Once the computational model is mapped to a MIMD architectures, one can make statements concerning the computing time, the work required to carry out the computation, the work intensity or the instruction execution rate, and about the performance of the ensemble consisting of the parallel algorithms, its implementation and the parallel architecture.

This paper discusses several experimental and theoretical questions pertinent to the performance characterization and analysis of parallel computations on MIMD systems. First it addresses the problem from the point of view of a practitioner and shows that measuring the speedup is often a difficult, if not impossible task, due to time and space limitations of the sequential computation. Furthermore, the results of a speedup measurement can be misleading. Instead of reflecting an efficient parallel computation, a large speedup may be due to an inefficient sequential computation.

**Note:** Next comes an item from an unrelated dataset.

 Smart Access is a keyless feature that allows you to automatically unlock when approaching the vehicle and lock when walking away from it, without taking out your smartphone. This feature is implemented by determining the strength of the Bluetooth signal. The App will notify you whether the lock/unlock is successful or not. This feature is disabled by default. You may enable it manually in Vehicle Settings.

The concept of relative speedup introduced in §2 reflects the fact that space and time requirements impose a minimum number of PEs,  $P_{min} > 1$  for massively parallel computations, and that it only makes sense to compare the execution times of a parallel computation over a range of PEs,  $(P_{min} \leq P \leq P_{max})$ . Communication complexity, the blocking model and the lifetime of intermediate results are suggested as means to provide an architecture independent characterization of a parallel algorithm [8]. A model of parallel execution which takes into account the effects of sequential and duplicated work, communication complexity and blocking is presented in §3. An incore 3-D FFT algorithm for a hypercube is discussed in §4 and an experiment in monitoring a Chebychev iterative algorithm for solving a linear system of equations is presented in §5.

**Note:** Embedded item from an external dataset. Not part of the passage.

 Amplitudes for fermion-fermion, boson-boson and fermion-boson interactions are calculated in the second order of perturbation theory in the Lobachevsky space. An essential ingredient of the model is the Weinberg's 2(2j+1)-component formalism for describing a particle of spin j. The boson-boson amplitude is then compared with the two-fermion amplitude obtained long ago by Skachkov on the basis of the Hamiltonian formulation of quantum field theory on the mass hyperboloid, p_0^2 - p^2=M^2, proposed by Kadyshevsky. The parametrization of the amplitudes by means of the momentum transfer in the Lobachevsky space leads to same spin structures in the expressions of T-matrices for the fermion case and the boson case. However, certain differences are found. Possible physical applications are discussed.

## 2 The Speedup and Other Measures of Performance

The speedup of a parallel computation on a multiprocessor with P identical processing elements is the ratio

$$S(P) = \frac{T(1)}{T(P)}$$

with T(1) the execution time of a serial implementation and T(P) the one of a parallel implementation using P processing elements. The speedup curve S = S(P) is the graph of the speedup as a function of P, the number of PEs.

2

The speedup is considered a simple and expressive way to measure the overall performance of a parallel algorithm and of its implementation on a parallel architecture. The speedup appeals to the practitioner interested in a simple way to measure the performance of a parallel application and to those interested in more theoretical aspects of parallel algorithm design, parallel architectures, and performance. The speedup provides an elegant way to reason about the asymptotic behavior of a parallel computation, and upper bounds for the speedup can be derived in the framework of a theoretical model [1], [8]. In the same time, it seems relatively easy to measure accurately the speedup of any application.

Yet the virtues of the speedup concept must be reexamined as our understanding of parallel computing and our experience in using massively parallel computers grow. The question whether the problem size should be allowed to grow when the number of PEs increases or if fixed-size problems should be considered, has lead to the introduction of the concept of the *scaled speedup* [2]. Allowing the size for a problem to grow subject to an upper bound on the execution time, produces different results than considering space (memory) constraints as pointed out in [11].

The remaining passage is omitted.